Pour autant, nous avons conservé l’idée, rapidement exposée à la fin du chapitre précédent (§2.3.2), d’étudier l’évolution des représentations tout au long de la première année universitaire, pour saisir le processus dynamique de construction de l’identité étudiante. Pour cela, nous avons réalisé des entretiens auprès d’une quarantaine d’étudiants à la rentrée universitaire (octobre 1999), puis juste après leurs premiers examens (février-mars 2000), et enfin un an après leur première inscription à la faculté (septembre-octobre 2000). Là encore, nous nous sommes aidée pour construire notre protocole d’enquête de travaux réalisés sur les étudiants, et en particulier des travaux de Coulon304 sur l’affiliation. Nous présenterons les résultats de cette analyse qualitative dans le chapitre 9.

303 Charlot Bernard, 1997, Du rapport au savoir, Economica, Paris. Pour les références de Barré-de-Miniac et

Penloup, voir note 223.

Remarquons pour finir que si nous avons pu opposer ici ces deux angles d’approche, l’un tourné vers l’explication et l’autre vers la prédiction des pratiques linguistiques, la présentation de nos résultats ne pourra suivre cette opposition, étant donné les différences de volume de nos analyses. En particulier, si le recueil et l’analyse de la diversité « sociale » des étudiants ont été assez rapides, la diversité des représentations des étudiants a été beaucoup plus longue à recueillir et à analyser. C’est pourquoi nous commencerons par présenter nos deux diagnostics de l’hétérogénéité des pratiques linguistiques, ainsi que l’explication que nous pouvons en faire à partir des données sociologiques, et la prédiction qu’elles permettent d’établir pour la réussite en fin d’année (Partie 2). Dans un deuxième temps (Partie 3), nous présenterons une analyse de la diversité des représentations des étudiants, de leur évolution, et nous terminerons par une mise en relation de ces données avec l’hétérogénéité des pratiques linguistiques.

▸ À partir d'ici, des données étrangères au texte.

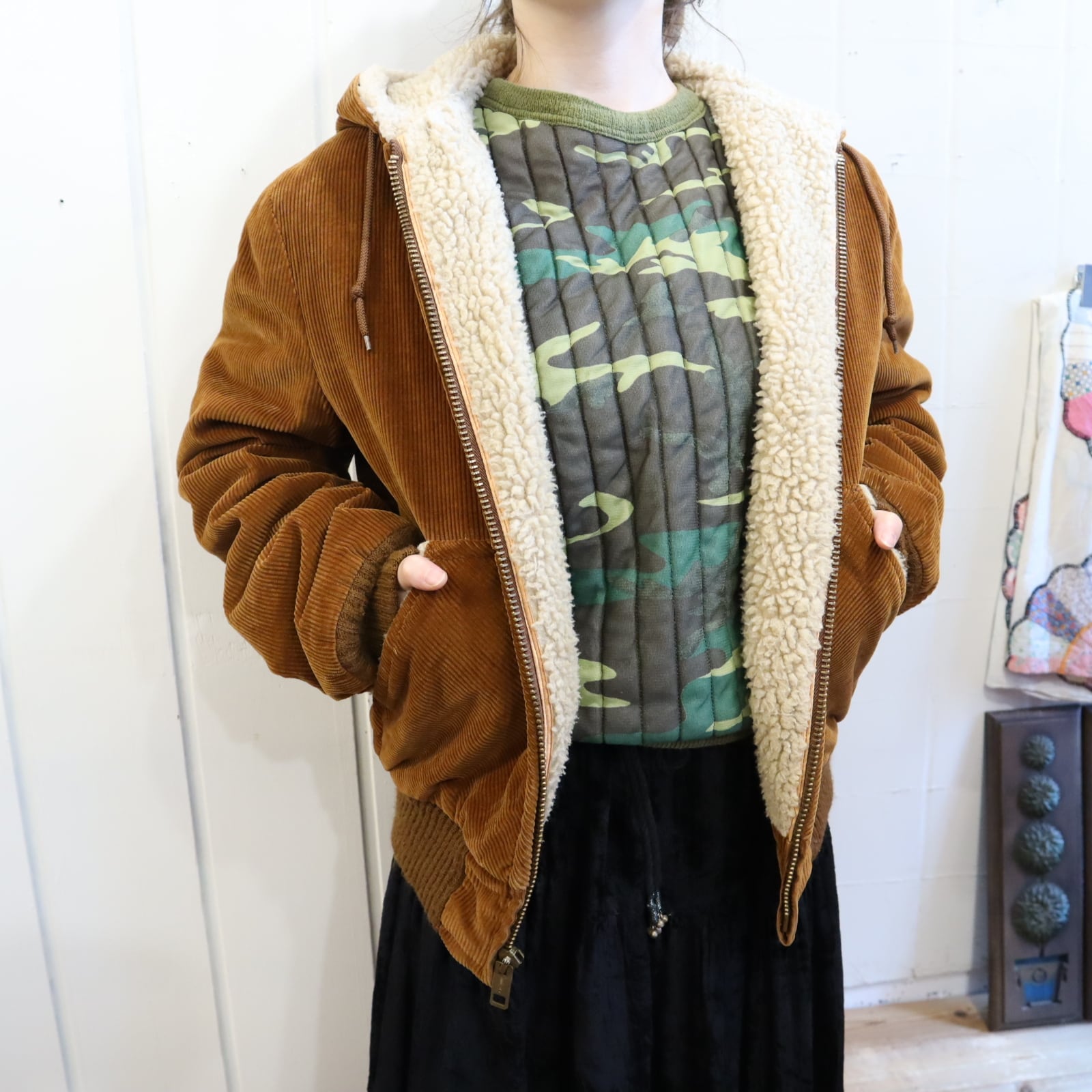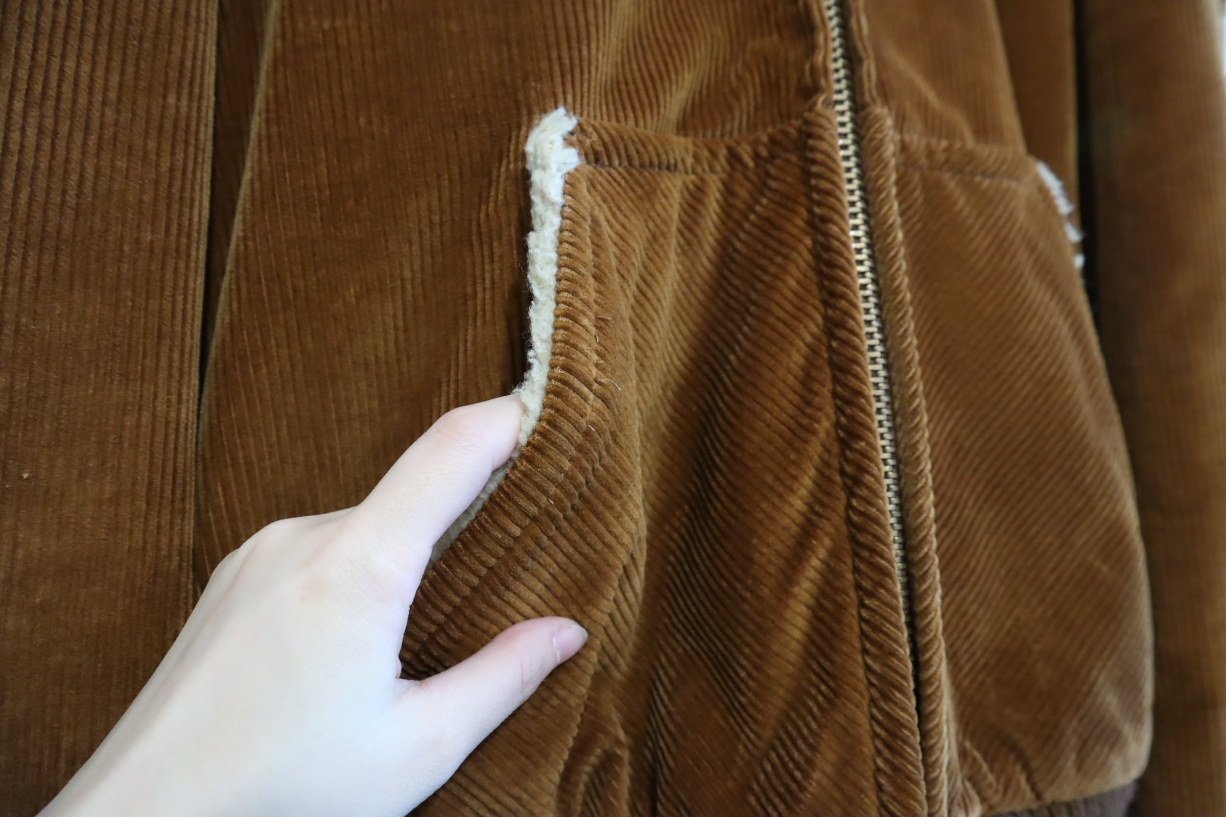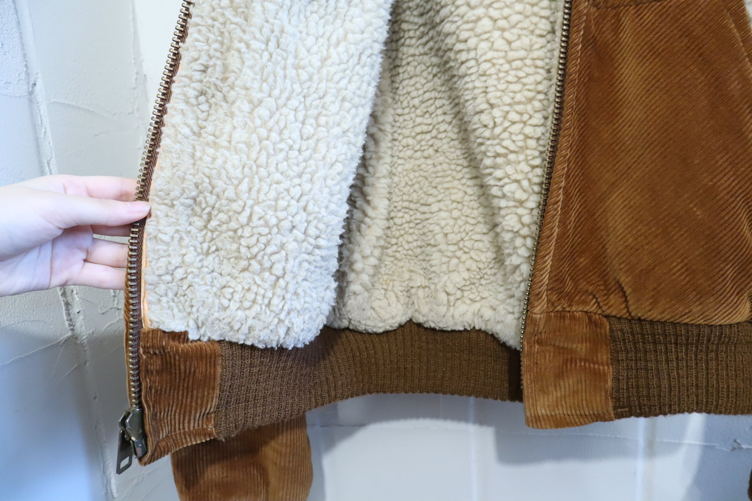 コーデュロイ×裏地ボアの組み合わせがなんとも可愛いジャケット。
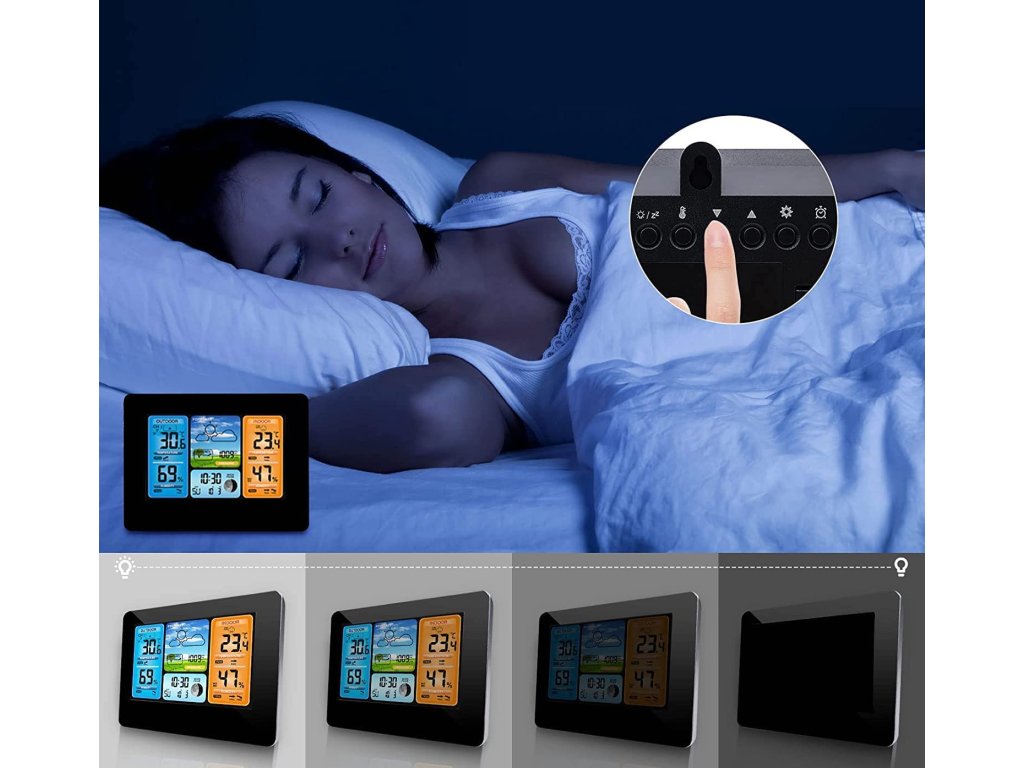 Bežična meteorološka stanica ima jasan LCD zaslon u boji zahvaljujući kojem ćete imati savršen pregled svih vremenskih podataka. Pozadinsko osvjetljenje omogućuje čitanje informacija čak iu mraku. Automatski se gasi nakon nekog vremena, što je ekonomično pogotovo u slučaju rada na baterije.

Conclusion de la première partie

Cette première partie nous a permis de faire le point sur un certain nombre de questions soulevées par notre terrain de recherche, de poser notre problématique et de définir notre programme de recherche. Dans le premier chapitre, nous avons ainsi recensé les analyses et les recherches menées sur l’université et sur la variation linguistique en situation d’évaluation. Cela nous a permis de mieux connaître notre terrain, de définir notre cadre de recherche et de défendre nos appartenances théoriques et méthodologiques.

Dans le second chapitre, nous avons choisi d’explorer une des pistes théoriques soulevées et d’approfondir ce qui constituera l’une des particularités de notre enquête : le choix d’une analyse de l’altérité chez les étudiants. Cela nous a amenée à construire un modèle abstrait de description des formes d’altérité chez les étudiants.

Dans le troisième chapitre enfin, nous avons tenté d’appliquer les réflexions théoriques menées sur l’altérité à l’analyse de la variation linguistique, et plus particulièrement de la variation linguistique en situation d’évaluation universitaire. A l’issue de ce travail, nous avons ainsi posé les principaux axes de notre analyse des copies des étudiants. Très logiquement, ce cadre d’analyse nous a enfin amenée à présenter les enquêtes et les analyses que nous proposons de mener dans les parties 2 et 3.